Goal of the exercise
What you return should be only the lines in the entries below between the one holding "under a seat" and the one holding "to complete adding", ends included, with every picture left out.

*** Materials provided ***

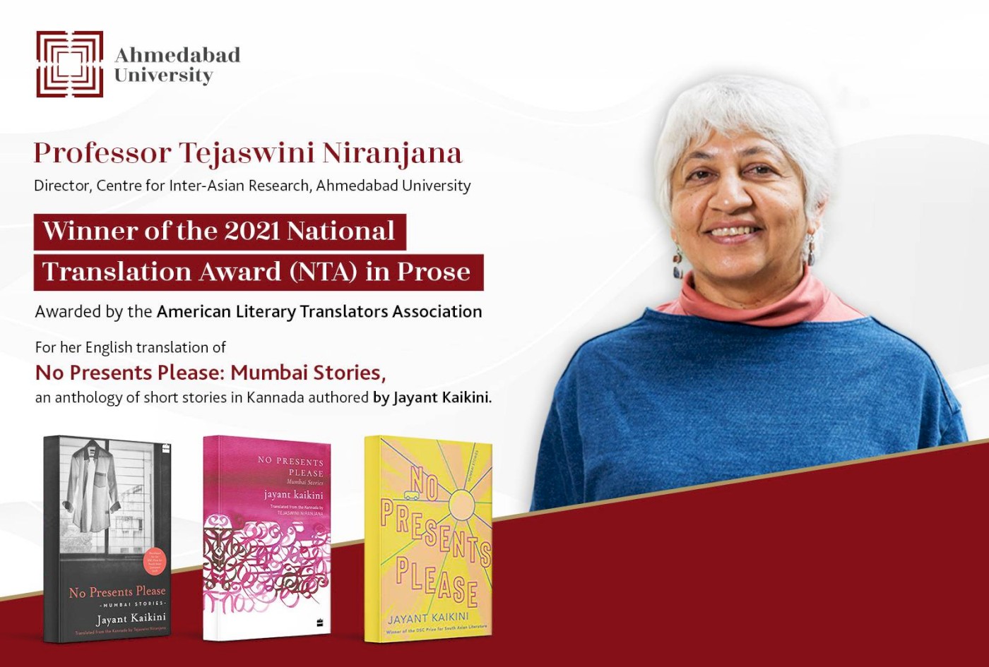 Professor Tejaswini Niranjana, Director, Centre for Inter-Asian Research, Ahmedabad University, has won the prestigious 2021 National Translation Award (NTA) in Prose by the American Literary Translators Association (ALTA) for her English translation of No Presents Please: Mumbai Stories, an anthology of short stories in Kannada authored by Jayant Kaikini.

*** End of Materials provided ***
*** Materials provided ***

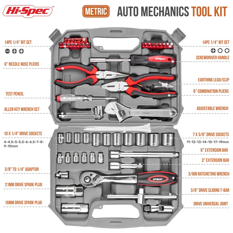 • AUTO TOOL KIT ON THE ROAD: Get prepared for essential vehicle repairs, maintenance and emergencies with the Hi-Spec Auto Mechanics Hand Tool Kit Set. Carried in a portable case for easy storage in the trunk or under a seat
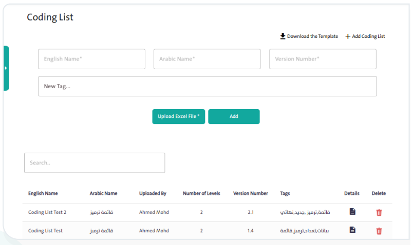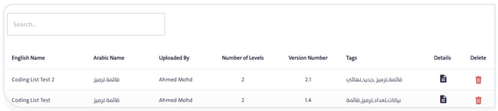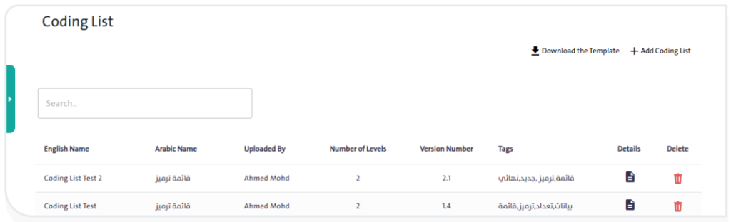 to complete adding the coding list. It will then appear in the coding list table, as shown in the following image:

*** End of Materials provided ***

Exercise output
 • AUTO TOOL KIT ON THE ROAD: Get prepared for essential vehicle repairs, maintenance and emergencies with the Hi-Spec Auto Mechanics Hand Tool Kit Set. Carried in a portable case for easy storage in the trunk or under a seat
 to complete adding the coding list. It will then appear in the coding list table, as shown in the following image:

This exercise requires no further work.